7.4    Es ist der Beschwerdegegnerin beizupflichten, dass keines der relevanten Kriterien erfüllt ist. Zu erwähnen ist insbesondere das Fehlen einer schweren oder besonderen Verletzung. Die Beschwerdeführerin zog sich lediglich ein leichtes Schädelhirntrauma zu. Bereits ab dem 20. August 2012 war sie zumindest wieder zu 60 % arbeitsfähig (Urk. 8/28 S. 3) und konnte ab dem 1. Dezember 2012 ihre Arbeit wieder im angestammten Pensum von 80 % verrichten (Urk. 8/42 S. 1). Jedenfalls bestehen keinerlei Anhaltspunkte für eine länger andauernde physisch bedingte Arbeitsunfähigkeit von relevantem Ausmass, so dass in dieser Hinsicht entgegen der von Seiten der Beschwerdeführerin vertretenen Auffassung (Urk. 1 S. 16) kein Abklärungsbedarf besteht. Zusammenfassend ergibt sich somit, dass die Beschwerdegegnerin zu Recht einen Kausalzusammenhang zwischen den von der Beschwerdeführerin nach dem 1. Dezember 2012 geklagten nicht organisch objektiv ausgewiesenen Beschwerden und dem Unfall vom 9. Juli 2012 verneint hat. Dementsprechend verneinte sie auch zu Recht einen Anspruch auf weitere Unfallversicherungsleistungen. Dies führt zur Abweisung der Beschwerde.


Das Gericht erkennt:

1.    Die Beschwerde wird abgewiesen.

2.    Das Verfahren ist kostenlos.

3.    Zustellung gegen Empfangsschein an:

- Rechtsanwalt Martin Hablützel

- Rechtsanwalt Dr. Beat Frischkopf

- Bundesamt für Gesundheit

4.    Gegen diesen Entscheid kann innert 30 Tagen seit der Zustellung beim Bundesgericht Beschwerde eingereicht werden (Art. 82 ff. in Verbindung mit Art. 90 ff. des Bundesgesetzes über das Bundesgericht, BGG). Die Frist steht während folgender Zeiten still: vom siebten Tag vor Ostern bis und mit dem siebten Tag nach Ostern, vom 15. Juli bis und mit 15. August sowie vom 18. Dezember bis und mit dem 2. Januar (Art. 46 BGG).
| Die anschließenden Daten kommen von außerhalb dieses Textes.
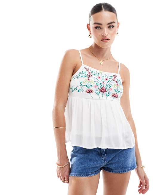Y.A.S Festival embroidered cami top in white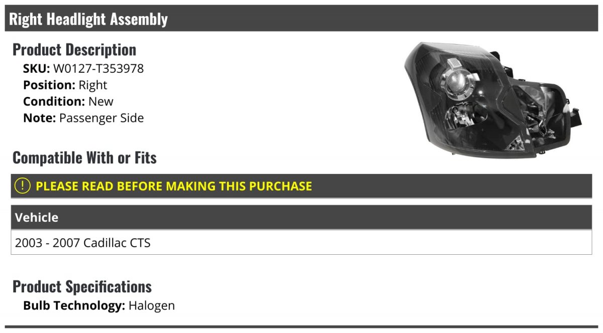 - Marketplace Auto Parts Right Passenger Side Halogen Headlight Assembly Compatible With 2003-2007 Cadillac Cts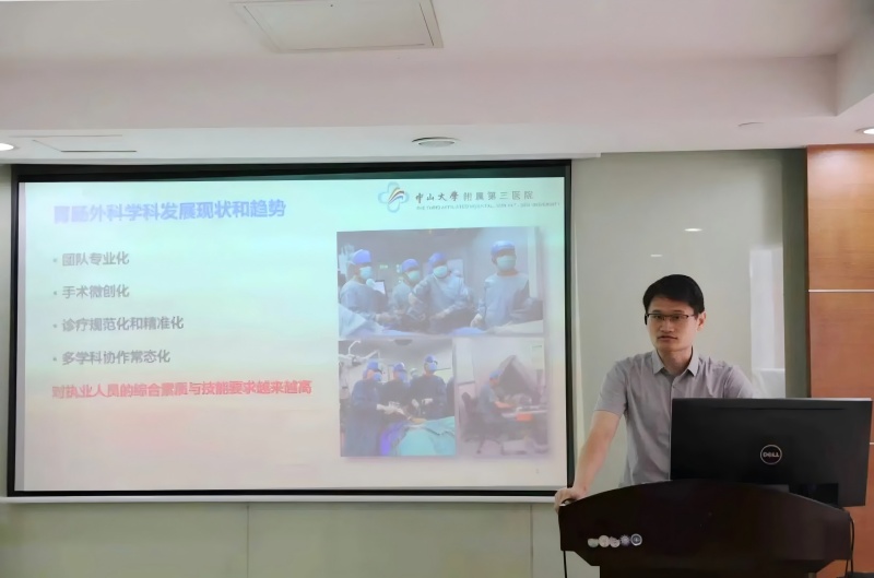 中山大学附属第三医院胃肠外科学科带头人卫洪波在致辞时首先对协会考察组的到来表示欢迎和感谢。卫主任表示,胃肠外科是国家级重点学科、卫生部国家级临床重点专科普通外科的主要分支,目前已发展成为集医、教、研为一体,在国内外有广泛学术影响的临床科室,是中国医师协会结直肠肿瘤专委会微创解剖学组主委单位、广东省医师协会微创外科分会主委单位、广东省临床医学会胃肠专委会主委单位、教育部外科学博士生培养点、卫计委住院医师培训基地及县级医院骨干医师培训基地。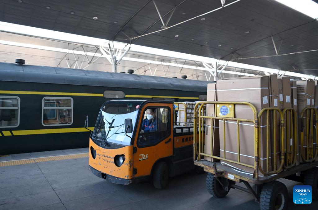 A staff member transports packages at a platform of Tianjin Railway Station in north China's Tianjin, Feb. 8, 2023. As enterprises continue to resume work and production after the Spring Festival holiday, the volume of packages transported at Tianjin Railway Station sees a significant increase. There are about 60 trains at the station every day that can undertake package transportation. (Xinhua/Li Ran)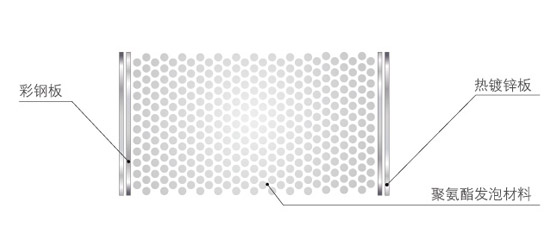 分體式復合型材結構專利,外板采用優(yōu)質彩鋼板,內板采用防腐蝕的熱鍍鋅板,中間夾層充注45kg/m³的聚氨酯發(fā)泡材料。箱板導熱系數(shù)≤0.0224w/m.℃,具有 閉式氣孔的絕熱材料,氣孔內空氣被分隔開而不會影響絕熱效果。
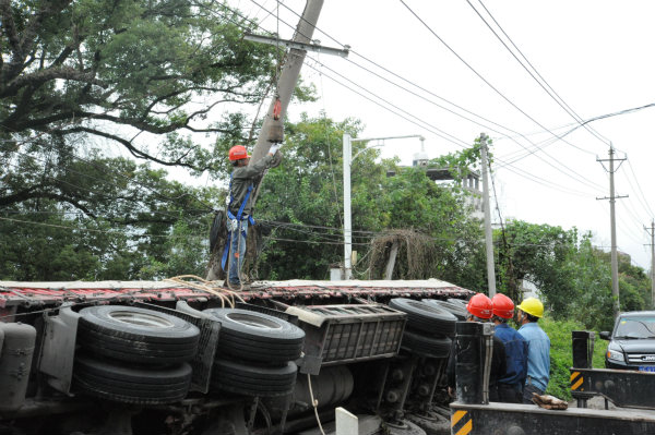 中國電力網訊 9月19日上午9點20分,由于一場意外的交通事故,10千伏夢谷線76#桿被一輛側翻的貨車壓倒。而10千伏夢谷線主要承擔廣昌縣夢谷電商創業園以及附近答田村數個村小組的供電任務,情況緊急,國網廣昌縣供電公司甘竹供電所在接到搶修工單的第一時間立即啟動應急搶修預案,組織了一只數十人的搶修隊伍前往事故發生地點,并在趕往現場的同時,安排相關臺區管理員做好停電用戶解釋工作。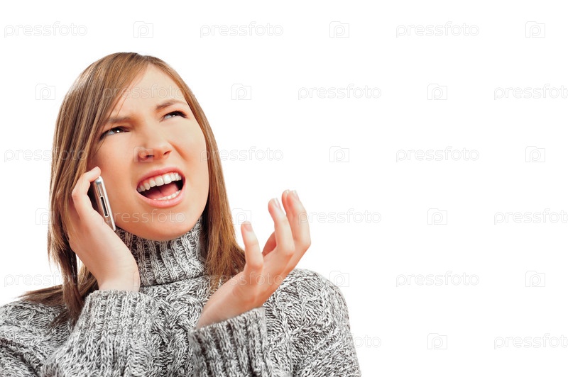Портрет удивленной молодой женщины, разговаривающей по мобильному телефону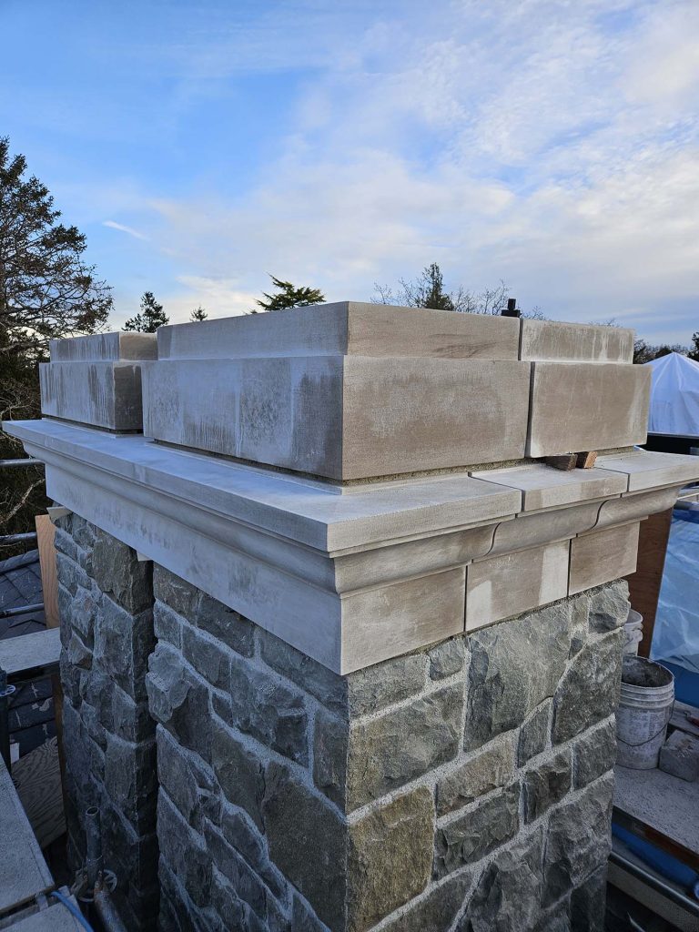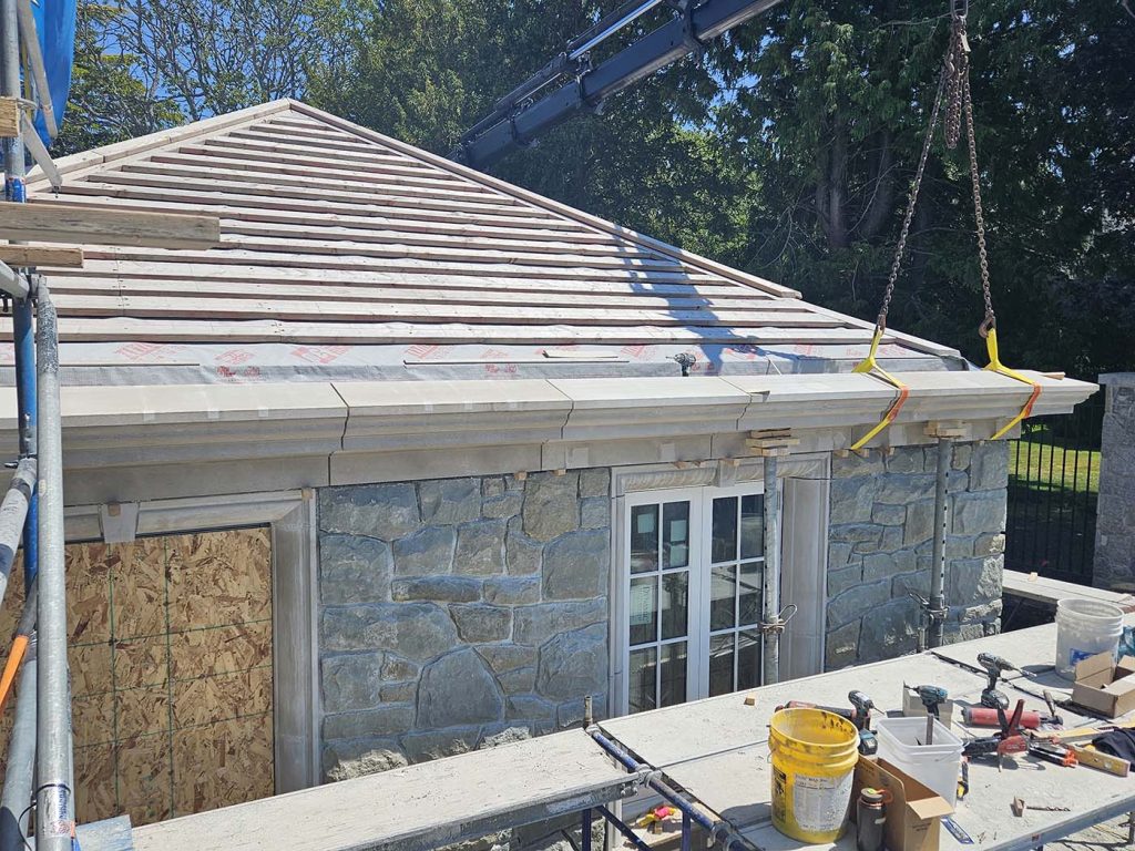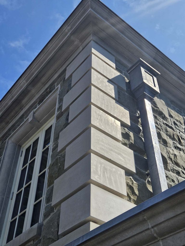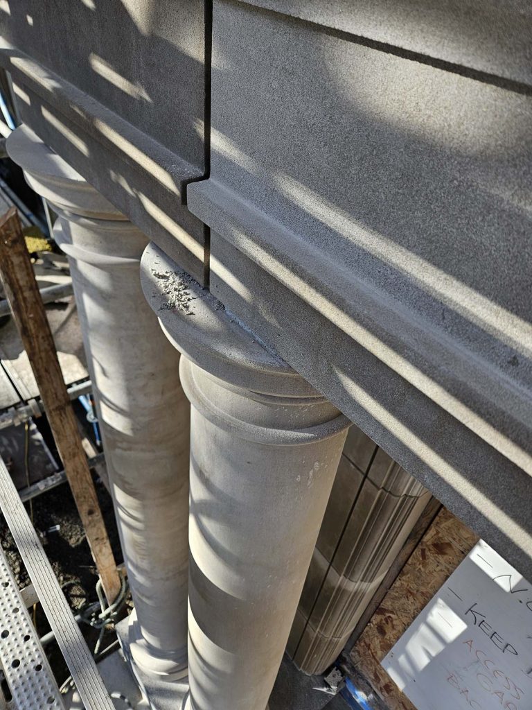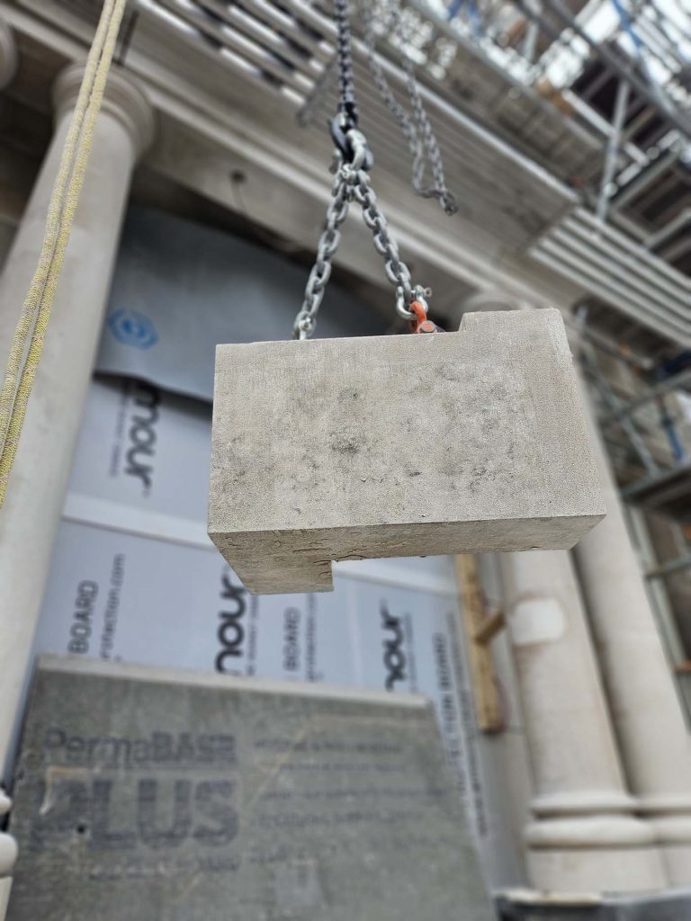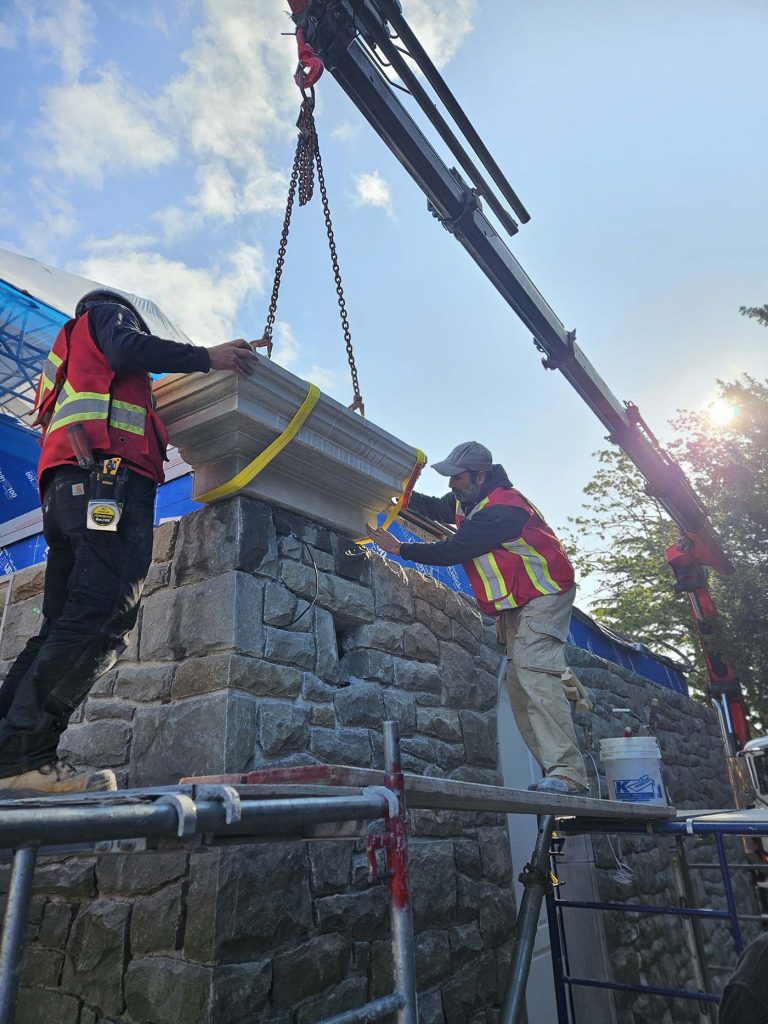 The scale of masonry and level of detail were significant. Components included 12-foot-long corner stones craned into place, each weighing thousands of pounds and requiring careful staging, safe lifts, and precise setting.

    Die Beschwerdeschrift ist dem Bundesgericht, Schweizerhofquai 6, 6004 Luzern, zuzustellen.

    Die Beschwerdeschrift hat die Begehren, deren Begründung mit Angabe der Beweismittel und die Unterschrift des Beschwerdeführers oder seines Vertreters zu enthalten; der angefochtene Entscheid sowie die als Beweismittel angerufenen Urkunden sind beizulegen, soweit die Partei sie in Händen hat (Art. 42 BGG).